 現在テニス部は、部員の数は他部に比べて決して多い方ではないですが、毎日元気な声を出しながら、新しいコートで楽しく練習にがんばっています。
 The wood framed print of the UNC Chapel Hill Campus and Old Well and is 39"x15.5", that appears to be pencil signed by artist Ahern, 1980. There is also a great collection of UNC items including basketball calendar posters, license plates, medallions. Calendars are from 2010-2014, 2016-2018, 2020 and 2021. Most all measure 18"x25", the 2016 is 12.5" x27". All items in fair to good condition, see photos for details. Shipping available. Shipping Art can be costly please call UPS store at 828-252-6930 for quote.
--
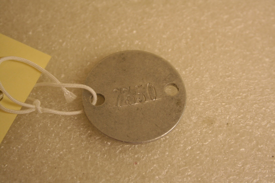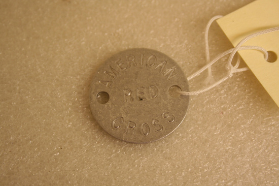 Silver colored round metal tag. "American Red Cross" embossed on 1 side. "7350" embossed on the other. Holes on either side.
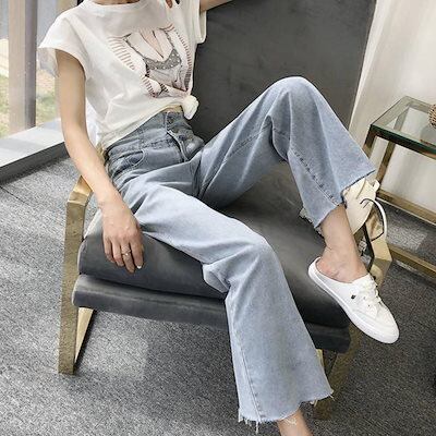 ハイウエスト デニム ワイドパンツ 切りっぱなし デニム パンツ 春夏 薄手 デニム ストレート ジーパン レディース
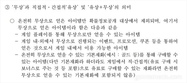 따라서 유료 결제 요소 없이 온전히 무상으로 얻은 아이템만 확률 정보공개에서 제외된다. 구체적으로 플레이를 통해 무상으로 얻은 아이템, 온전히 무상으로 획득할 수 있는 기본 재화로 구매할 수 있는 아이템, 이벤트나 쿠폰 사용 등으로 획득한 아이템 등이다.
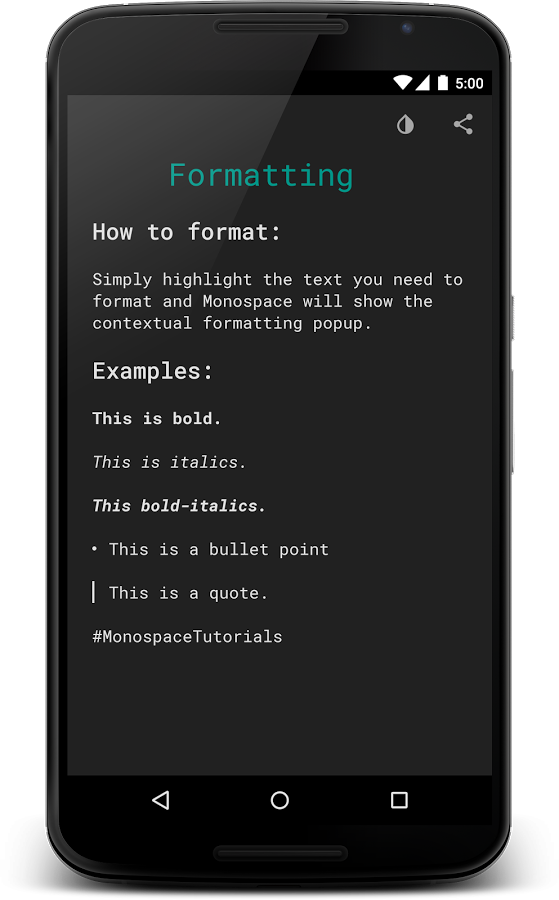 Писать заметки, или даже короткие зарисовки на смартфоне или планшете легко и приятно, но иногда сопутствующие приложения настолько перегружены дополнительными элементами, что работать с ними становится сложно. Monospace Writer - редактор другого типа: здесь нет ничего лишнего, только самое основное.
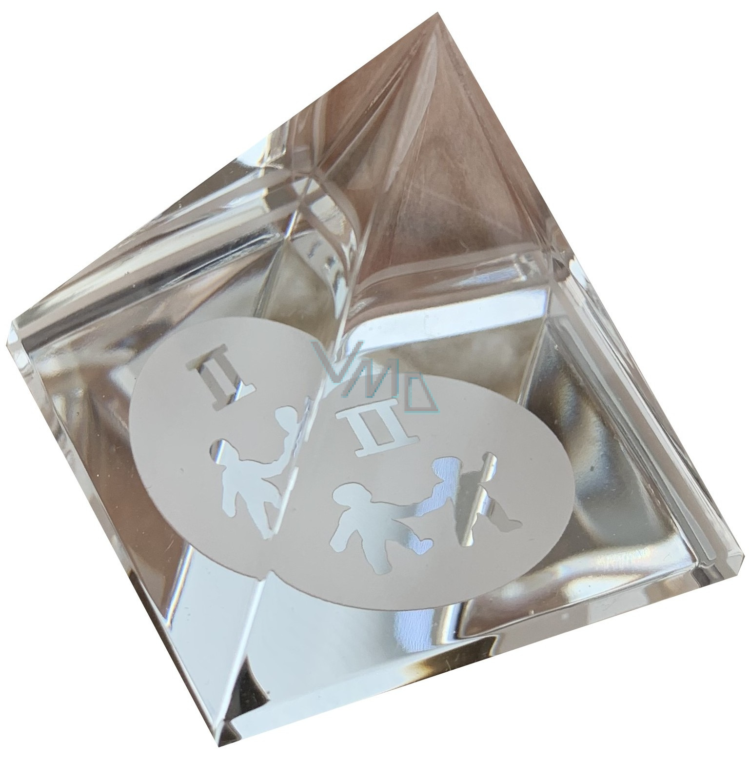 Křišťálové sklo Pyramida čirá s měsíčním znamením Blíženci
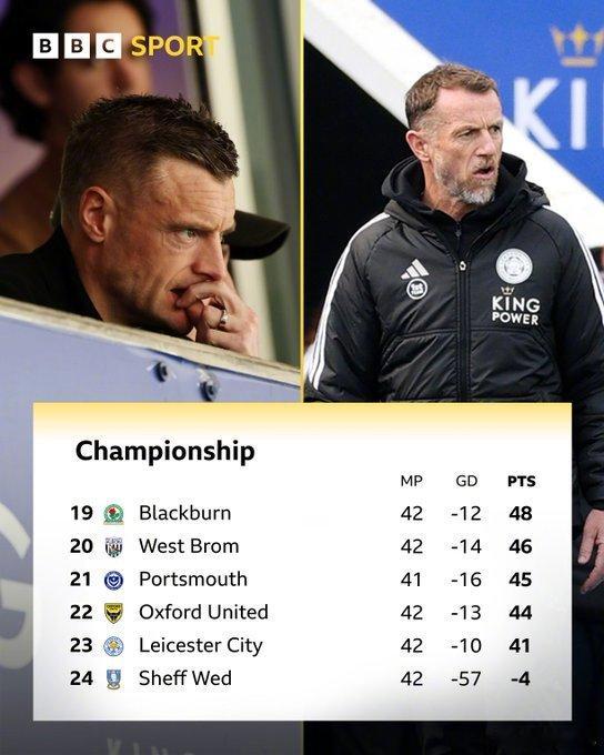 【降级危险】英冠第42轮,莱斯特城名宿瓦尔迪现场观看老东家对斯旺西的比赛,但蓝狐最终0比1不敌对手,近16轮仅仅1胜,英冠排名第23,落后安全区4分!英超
==
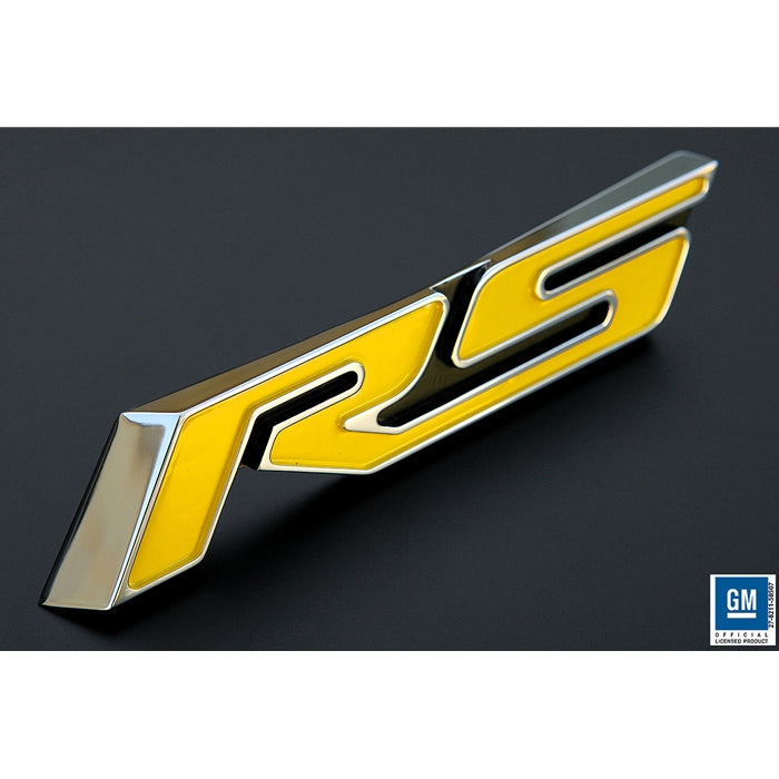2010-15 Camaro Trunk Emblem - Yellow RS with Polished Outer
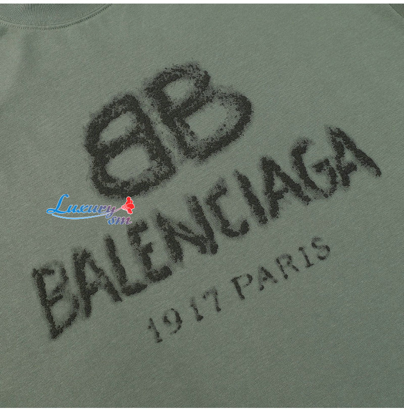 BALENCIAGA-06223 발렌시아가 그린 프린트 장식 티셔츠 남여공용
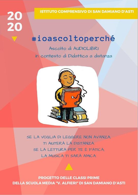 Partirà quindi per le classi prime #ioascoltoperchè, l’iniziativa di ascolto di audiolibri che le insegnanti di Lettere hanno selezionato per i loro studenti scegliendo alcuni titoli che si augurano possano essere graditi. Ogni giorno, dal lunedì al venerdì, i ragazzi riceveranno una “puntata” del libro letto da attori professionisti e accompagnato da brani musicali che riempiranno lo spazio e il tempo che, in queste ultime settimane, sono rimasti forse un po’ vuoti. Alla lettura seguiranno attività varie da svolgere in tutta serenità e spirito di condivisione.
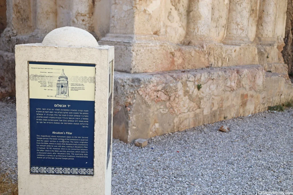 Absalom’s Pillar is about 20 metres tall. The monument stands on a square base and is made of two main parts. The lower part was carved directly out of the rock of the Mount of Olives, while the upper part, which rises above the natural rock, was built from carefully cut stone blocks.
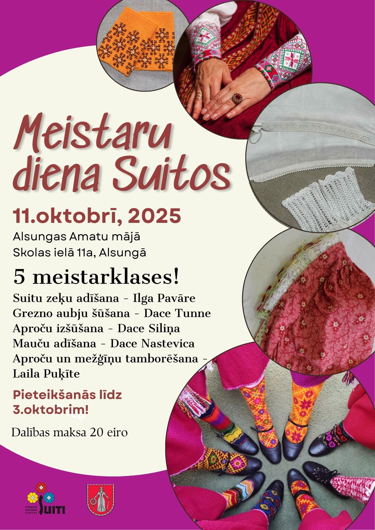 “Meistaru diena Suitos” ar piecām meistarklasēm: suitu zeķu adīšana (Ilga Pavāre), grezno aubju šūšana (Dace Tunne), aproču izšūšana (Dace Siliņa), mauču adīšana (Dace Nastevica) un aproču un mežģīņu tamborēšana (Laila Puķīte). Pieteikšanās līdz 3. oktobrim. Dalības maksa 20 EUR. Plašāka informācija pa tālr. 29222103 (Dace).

## AIM OF THE EXERCISE
Working from the entries above, please transcribe only the lines from the line with "2010-15 Camaro Trunk" through the line with "BALENCIAGA-06223 발렌시아가 그린 프린트 장식 티셔츠 남여공용", exactly, with both end lines and without pictures.

## FINAL ANSWER
2010-15 Camaro Trunk Emblem - Yellow RS with Polished Outer
 BALENCIAGA-06223 발렌시아가 그린 프린트 장식 티셔츠 남여공용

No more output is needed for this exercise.